Eric Wright was born in London, England in 1929 to a poor working-class family, an experience he later detailed in his memoir, Always Give a Penny to a Blind Man. When he was 22, he immigrated to Canada and eventually became an English professor, chair of the English department, then Dean of Arts at Ryerson Institute of Technology in Toronto.
Wright penned dozens of stories, many of them crime fiction, and served as editor of Criminal Shorts: Mysteries by Canadian Crime Writers, published in 1992. He also created not one or two, but four different detective series including police officer Mel Pickett; Lucy Trimble Brenner, who inherits a Toronto private detective agency; and part-time community college English teacher named Joe Barley, who also works part-time as a private eye.
His most popular literary creation, however, is Charlie Salter, a Toronto cop suffering from middle-aged depression when he's first introduced in The Night the Gods Smiled, the author's debut novel in 1983. The book won the Arthur Ellis Award for Best Crime Novel, the Crime Writer's Association's John Creasey Award, and the City of Toronto Book Award.
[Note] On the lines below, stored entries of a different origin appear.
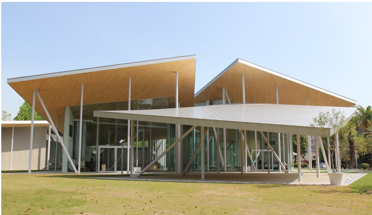
「Junko Fukutake Hall」 Kazuyo Sejima + Ryue Nishizawa / SANAA Okayama University (Shikata Campus, Okayama City) http://www.okayama-u.ac.jp/eng/access_maps/index.html

Okayama University supports the Sustainable Development Goals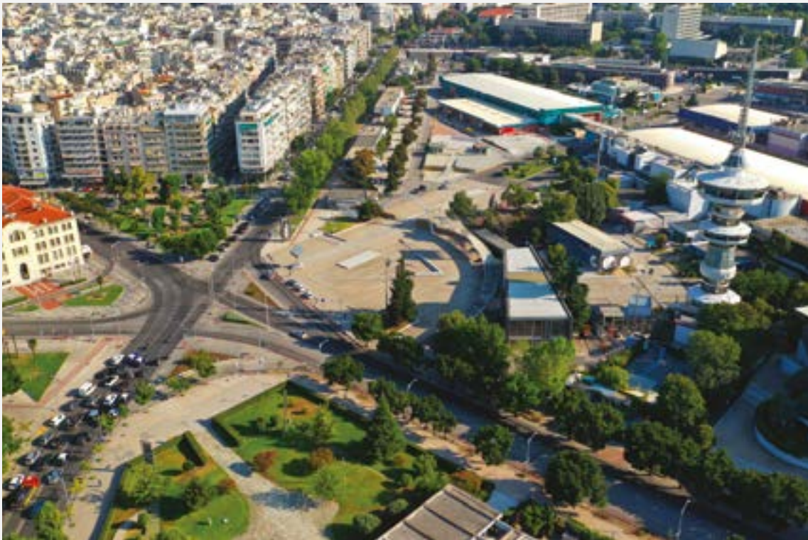
Competition site for the Thessaloniki ConfEx Park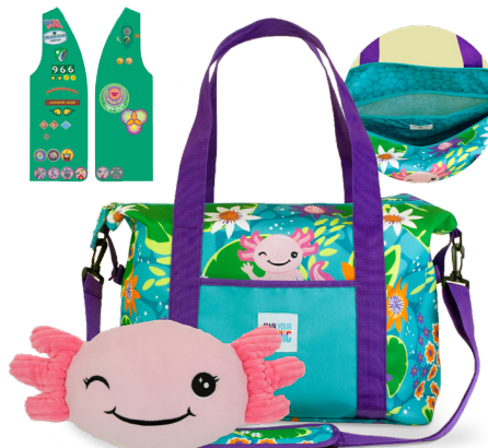
500+ Packages Weekender tote & axolotl pillow OR Girl Scout Uniform OR The Shoe That Grows – 1 pair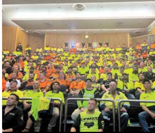
WA BRANCH DELEGATES EBA MEETING

At the start of the story, Salter's doldrums are compounded by police politics that have left him working what's essentially a desk job. When he's offered the first interesting case to come along in awhile, he jumps at the chance. David Summers, an English professor at a local college, has been murdered in a Montreal hotel room during a conference. Initially, the only clues are a lipstick-marked glass and a whisky bottle used to crush Summer's skull, but Salter soon realizes he has a long list of potential suspects, including a prostitute, mistresses, the victim's bitter wife, his squash partner, his stock-broker and assorted colleagues and students.
Salter is an engaging character, self-righteous, outspoken, and happily married, albeit with an undercurrent of cultural/class friction between his police officer status and his wife's wealthy family. His mid-life crisis sees him taking up squash after meeting the victim's playing partner, and developing a crush on Summer's favorite student, a free-spirited young woman named Molly.
Wright is known for his "lucid and agreeably laconic style," as one reviewer put it, while Kirkus adds that "the balance between sleuthing and gentle character-comedy is maintained beautifully throughout—with superior dialogue, intriguing Canadian specifics, and not a single cliché in sight." There were eleven Salter books in all, first published in hardcover until the series was dropped by Signet. A few reprints are available, including an omnibus of the first three novels in the series, published by Dundurn.
I like the Salter books a lot, having read them all a couple of years ago. Good stuff.